Et moi donc ? Chaque matin je devrais m’émerveiller comme un enfant pour tout ce qui m’est donné « gratuitement », par grâce, et le reconnaître aussi devant Dieu. Je devrais noter dans mon Journal quotidien tous ces moments de grâce. Non seulement ceux que je perçois moi-même et qui me concernent, mais tous ceux qui illuminent mon chemin, quelles que soient la nature et l’origine de leur source lumineuse.
Ceci dit, j’ai été tout de même surpris par la décision prise par Antoine Nouis de démissionner de la charge pastorale pour laquelle il était reconnu et rétribué par l’Eglise réformée unie de France. Une démarche qui m’a paru contredire ses affirmations sur la fidélité. En fait, il ne démissionne pas de sa pastorale, mais de l’administration d’une Eglise repliée sur elle-même, incapable, selon lui, de se renouveler. Le jugement qui a conduit à cette décision n’appartient qu’à lui. Sans trop de finesse, un autre dirait plutôt : « Cette Eglise demeure ma mère, même s’il lui arrive parfois, hélas, de se comporter comme une p… ».

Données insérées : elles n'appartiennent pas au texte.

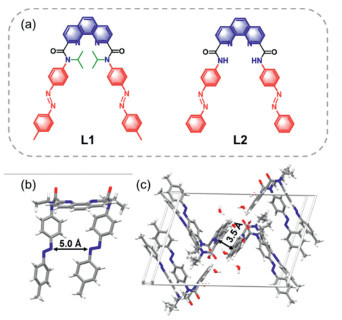 Figure 1.  (a) Chemical structure of the azobenzene-winged phenanthrolines L1 and L2. (b) Crystal structure and (c) unit cell packing diagram of probe L1 (CCDC: 2445719).

Qui suis-je pour la condamner ? Je ne me sens pas le droit de me dissocier des frères et des sœurs qui ont reçu d’elle le même baptême, sur lesquels a été invoqué le même Esprit.

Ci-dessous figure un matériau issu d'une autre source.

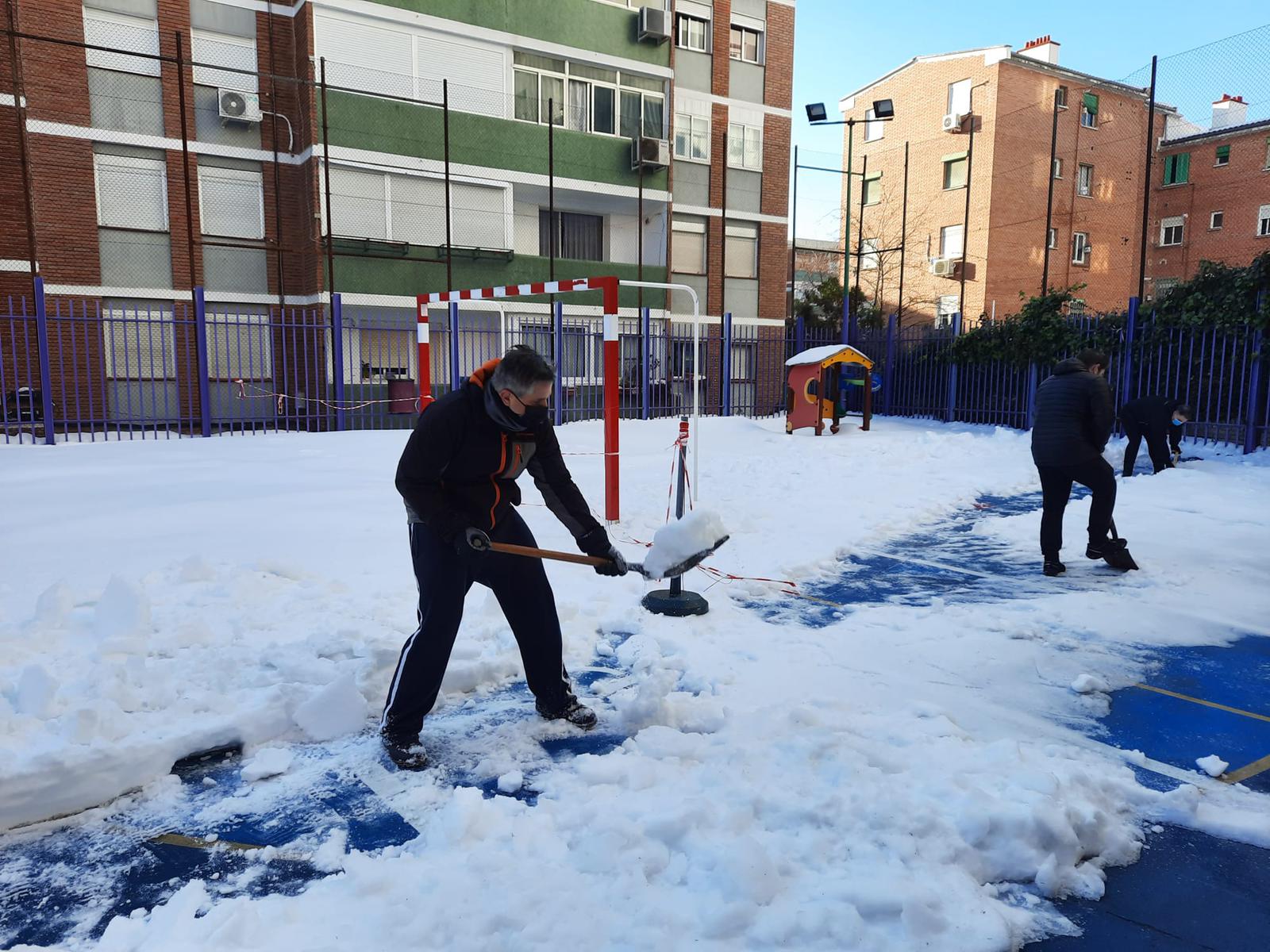 Hoy las familias han ayudado a limpiar la nieve de nuestro colegio.

En aucune façon ma remarque ne voudrait décourager une personne à entreprendre la lecture de ce livre simple, sans érudition inutile et qui concerne tout croyant. Paroles d’un sage dont tout humain peut tirer profit. Il permet aussi de connaître le contenu de la foi et le comportement des ministres de nos Eglises chrétiennes, sans exclure les rabbins de tous les âges dont les propos sont souvent cités dans ce modeste ouvrage. Un modèle d’œcuménisme.